Альбинос кивнул и решительно взялся за массивную стальную скобу, заменявшую дверную ручку. К его удивлению, тяжелая створка отворилась почти бесшумно. И сразу же потемнело – чернота за порогом склепа выплеснулась наружу, затопляя ступени. Гнилостный запах стал сильнее и резче. Только сейчас Вырыпаев осознал, куда придется зайти. Нет, не зайти – «сойти под могильную сень».
– Фонарик есть? – с излишней бодростью в голосе поинтересовался он.
– Нам все будет видно, – нетерпеливо бросила женщина. – Там окна. Пойдемте!
За порог она шагнула первой. Батальонный ощутил нечто вроде запоздалого приступа стыда. Фонарик ему подавай! Еще бы прожектор потребовал.
– Иду!
В склепе действительно оказалось не слишком темно. Из разбитых окошек под потолком сочился бледный дневной свет, к тому же дверь оставалась открытой – четкий белый четырехугольник в густой раме из тьмы. Оглянувшись, Виктор впервые пожалел, что пошел на кладбище один, однако тут же вспомнил, что аллея совершенно пуста, бояться нечего, вдобавок он вооружен.
– Ну, что тут?
Вопрос показался явно лишним. Под могильной сенью были могилы – несколько серых запыленных плит, врезанных прямо в пол. Надпись на ближайшей оказалась тоже на церковнославянском, как и та, что была над входом, но внизу стояла понятная дата – «1899». Плит было пять, четыре большие, одна совсем маленькая. Шестая могила находилась в дальнем углу – громоздкий беломраморный саркофаг. Гладкие стенки, гладкая крышка. Ни букв, ни цифр, ни креста.
Вдоль стен темнели венки – старые, полусгнившие, осыпавшие пол желтой мертвой хвоей. Убирать их почему-то не стали, оставив распадаться в сыром сумраке склепа. Тлен к тлену…

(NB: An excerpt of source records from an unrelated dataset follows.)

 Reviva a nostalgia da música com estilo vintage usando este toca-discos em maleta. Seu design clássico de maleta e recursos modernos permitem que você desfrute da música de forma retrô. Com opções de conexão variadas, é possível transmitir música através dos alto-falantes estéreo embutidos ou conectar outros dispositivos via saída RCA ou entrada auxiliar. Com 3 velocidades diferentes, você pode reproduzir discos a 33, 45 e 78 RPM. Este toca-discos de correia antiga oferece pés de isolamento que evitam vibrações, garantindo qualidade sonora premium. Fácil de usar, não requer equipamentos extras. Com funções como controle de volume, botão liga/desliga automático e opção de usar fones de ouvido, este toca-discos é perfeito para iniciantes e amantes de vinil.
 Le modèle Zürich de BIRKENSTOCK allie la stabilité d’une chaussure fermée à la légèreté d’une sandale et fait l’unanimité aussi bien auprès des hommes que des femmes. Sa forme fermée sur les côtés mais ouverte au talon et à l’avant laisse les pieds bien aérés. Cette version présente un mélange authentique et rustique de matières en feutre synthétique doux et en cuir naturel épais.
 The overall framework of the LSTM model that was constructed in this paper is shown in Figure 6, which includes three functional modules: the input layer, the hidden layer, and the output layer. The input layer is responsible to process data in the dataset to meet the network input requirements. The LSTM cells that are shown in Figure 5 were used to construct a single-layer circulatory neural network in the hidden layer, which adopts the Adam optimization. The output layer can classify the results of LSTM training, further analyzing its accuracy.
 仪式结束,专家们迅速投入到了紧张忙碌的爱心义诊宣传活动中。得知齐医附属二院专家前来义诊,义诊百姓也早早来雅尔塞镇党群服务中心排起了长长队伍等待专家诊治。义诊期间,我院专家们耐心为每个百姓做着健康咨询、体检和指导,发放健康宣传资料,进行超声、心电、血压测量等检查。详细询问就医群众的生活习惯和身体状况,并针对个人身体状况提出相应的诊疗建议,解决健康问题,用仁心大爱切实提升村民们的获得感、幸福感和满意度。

– Нужно отодвинуть крышку. Помогите, мне одной не справиться.
Негромкий голос отозвался гулким нежданным эхом. Доминика уже стояла возле саркофага, положив руку на пыльный камень.

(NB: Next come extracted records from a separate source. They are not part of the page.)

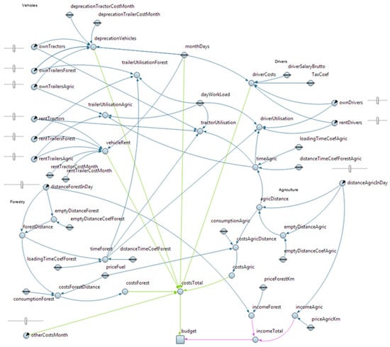 The node connection logic and node calculations are based on assumptions derived from the results of symbolic regression analysis as well as from business process analysis. The dependencies and relationships between variables (e.g., the relationship between empty and loaded route distances) that can be derived from data-driven models are substantiated through data analysis. The relationships that could not be identified in this way are determined in the model on the basis of an analysis of the cost and income structure of the analyzed enterprise.
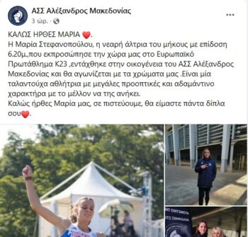 Στίβος: Ο ΑΣΣ Αλ. Μακεδονίας καλωσόρισε επίσημα την Μαρία Στεφανοπούλου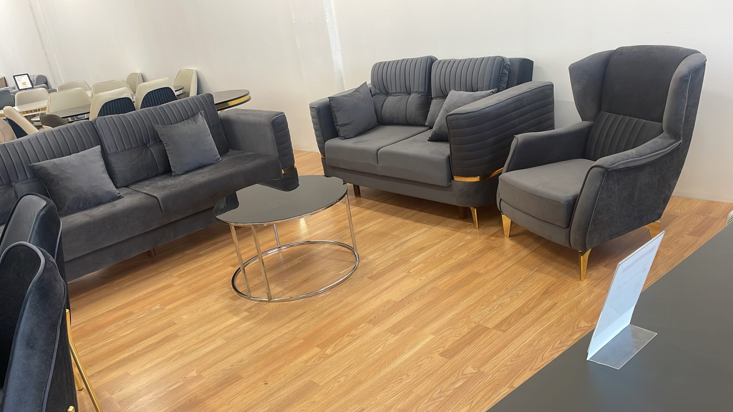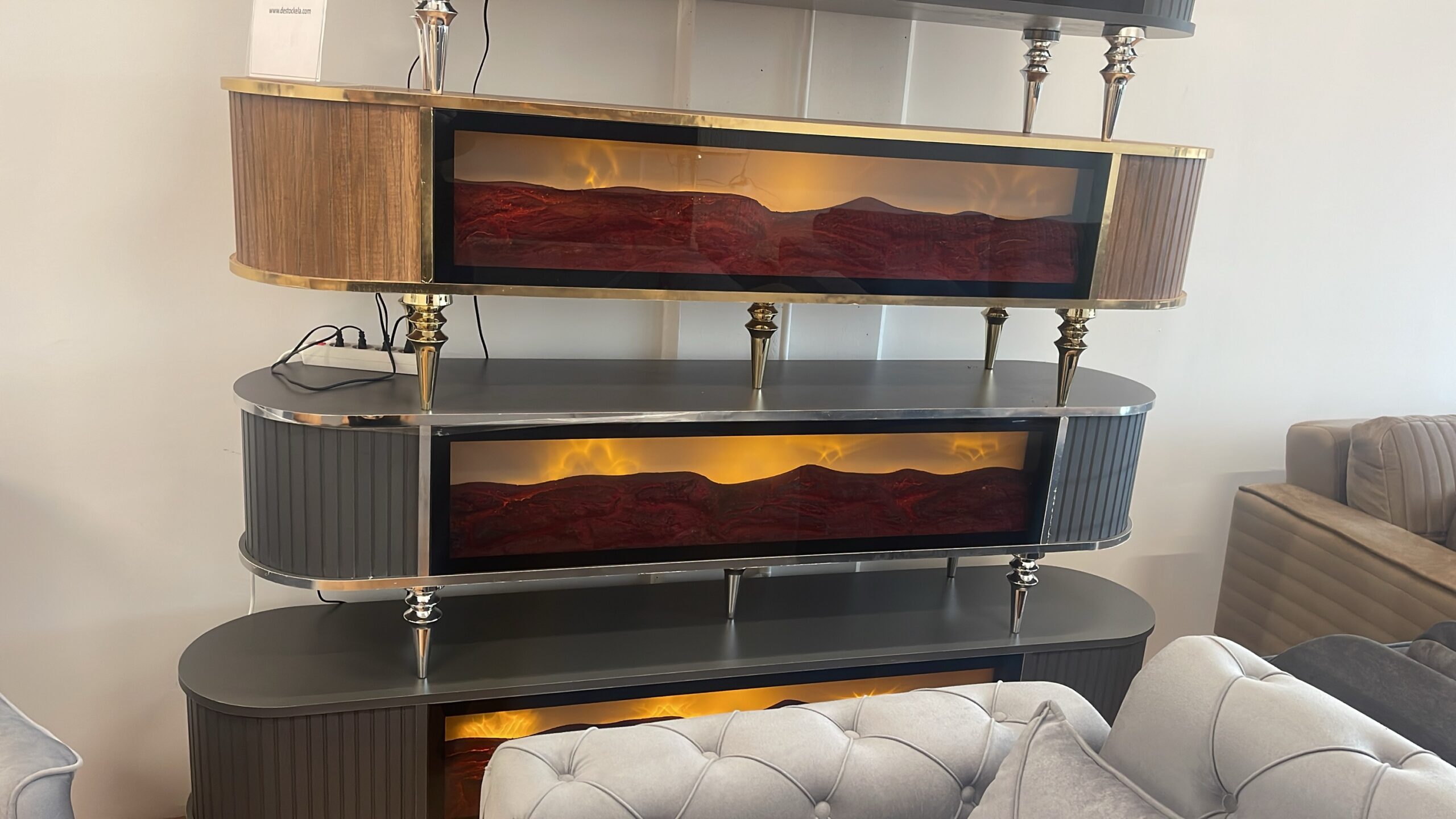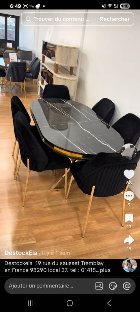 Salon complet LUXE avec canapé 3-2-1 Olivia ou Yasemin + Salle à manger Luxe 6 chaises et une table ovale 170x90cm et un meuble tv cheminée avec la musique 160cm ou 180cm ou 200cm au choix

– В прошлый раз этим занимался бедный Гоша. Упокой его…
Она поднесла руку ко лбу, но креститься вновь не стала – как и поминать Творца. Виктор вздохнул и решительно шагнул вперед. Он ждал ледяного холода, но камень оказался неожиданно теплым. Мрамор словно сопротивлялся, не желая поддаваться могильной сырости. Сухая едкая пыль облепила пыльцы.
Доминика тоже коснулась крышки, задержала на мгновение ладонь.
– Сдвигаем влево, в сторону входа. По счету «три».
Пристроил пальцы поудобнее, на остром каменном ребре, Виктор запоздало вспомнил, что такие нагрузки ему ни к чему. Еще пару лет назад он, не задумываясь, разобрался бы с плитой без всякой женской помощи. Камень не казался слишком толстым, навалился, пару раз толкнул – и всех дел. Но война обошлась дорого. Изуродованное лицо, слепой мертвый глаз, строжайший запрет поднимать тяжести, бегать, курить и даже читать больше двух часов подряд. К тому же на левую, сложенную из кусочков кисть, надежды было мало. Врач, к которому он сегодня не попал, в их прошлую встречу особо оговорил все эти запреты. «Берегите себя, товарищ командир. Крепко берегите!»
Но отступать было поздно. Гражданина Игнатишина, подсобившего своей сестре в прошлый раз, уже не позовешь.
– Раз, два… Три!
Первый толчок не дал результата. Плита даже не шевельнулась, зато в ушах зазвенели невидимые колокольцы, а свет, и без того неяркий, резко пошел на убыль. Вырыпаев сжал зубы, на миг оторвал ладони от камня.
– Еще! Раз, два…
Внезапно звон колокольцев сменился пароходной сиреной. Полутьма склепа вспыхнула ослепительным белым огнем, и Виктор Ильич Вырыпаев почувствовал, что падает. Он ничуть не удивился, запоздало выругав себя за ненужное гусарство. Странным было другое. Падал он очень медленно, неспешно, успев за это время не только осудить свое легкомысленное поведение, но и совершить множество поступков.
Прежде всего он бросил взгляд в сторону входной двери и заметил две узкие черные тени. Они не очень походили на людей, однако думать было некогда, и батальонный привычно бросил руку за отворот шинели. Незваные гости отреагировал мгновенно.
– Они!
– Ты – офицера, я – девку.
Голоса тоже не слишком напоминали живую человеческую речь. Молодой человек даже подумал, что слышит старую граммофонную запись. Почему-то увидалась огромная черная пластинка, и две острые иголки, направленные прямо ему в сердце.
Потом он увидел пули – совсем близко, у самого ворота шинели. Кажется, он еще нажал на спусковой крючок, раз и другой – и поразился, тому, что все-таки успел выхватить «браунинг».